|International Session (Symposium)1 (JSH・JSGE・JGES)|
|Thu. October 12th 9:40 - 12:00 Room 11: Fukuoka International Congress Center 502+503|
|Overview of Autoimmune liver disease|
|Batman State Hospital|
|Autoimmune hepatitis (AIH) and primary biliary cholangitis (PBC, formerly primary biliary cirrhosis) are two main autoimmune liver diseases. They are relatively uncommon cause of chronic liver disease in Asia but, recent studies showed that prevalence of autoimmune liver diseases is increasing in worldwide as well in Asia. Therefore, early diagnosis and effective management of these diseases is essential to prevent liver related complications and death. The simplified criteria which are based on circulating auto-antibodies, IgG levels, absence of viral hepatitis and histological findings have been proposed for AIH diagnosis. Predniso(lo)ne alone or in combination with azathioprine, is the standard therapy of AIH. Mycophenolate mofetil, tacrolimus and infliximab are other rescue therapies, in up to 20% patients who do not respond or intolerant to standard therapy.

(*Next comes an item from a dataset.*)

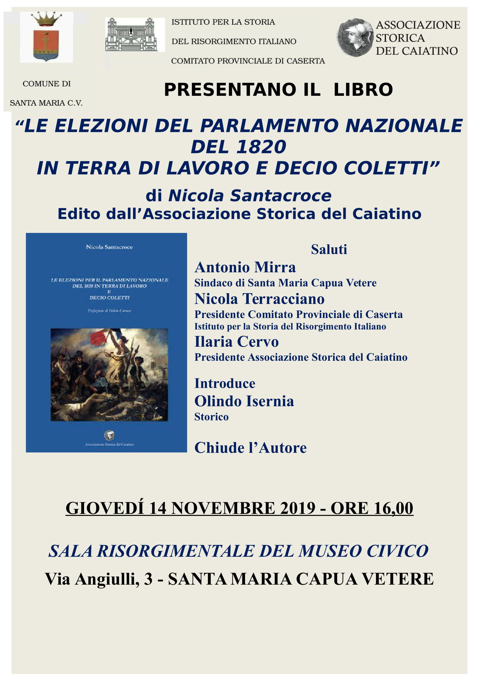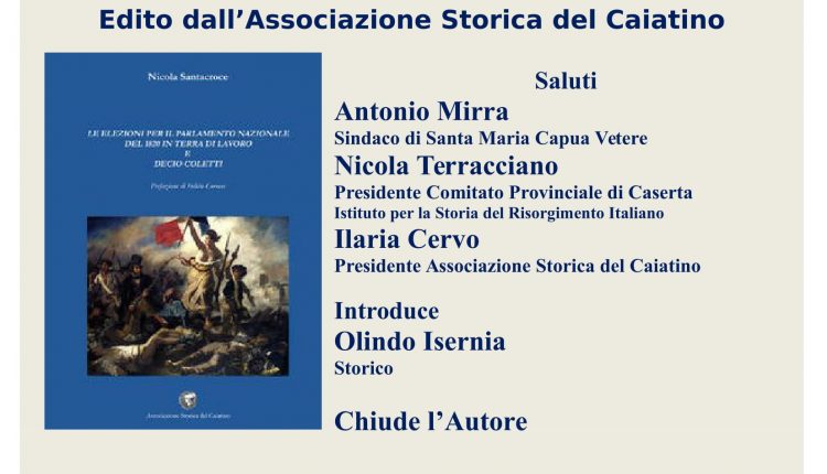 Le elezioni del Parlamento nazionale del 1820 in Terra di Lavoro e Decio Coletti. Un lunghissimo titolo, ma un entusiasmante lavoro di ricerca storica. L’autore è Nicola Santacroce, che all’attivo ha tantissime pubblicazioni tutte finalizzate alla riscoperta degli angoli più nascosti della storia locale di Terra di Lavoro ed in particolare della zona del caiatino.

The diagnosis of PBC is usually based on the presence of serum liver tests indicative of a cholestatic hepatitis, anti-mitochondrial antibodies and suggestive histological findings. Ursodeoxycholic acid (UDCA) is the first approved therapy for PBC. This treatment slows the progress of the disease, but approximatively 30-40% of patients fail to respond to UDCA. Recently, Obeticholic acid (OCA), a Farnesoid X Receptor agonist, has been approved for patients who are inadequate responders to UDCA.
A smaller group of PBC patients may present or develop AIH features. The term ‘overlap syndrome’ describes this rare clinical condition, although there are no well-established diagnostic criteria. These patients should be treated based on liver histology. Patients who have moderate interface hepatitis can be initially treated by UDCA alone while those with severe hepatitis require additional immunosuppression.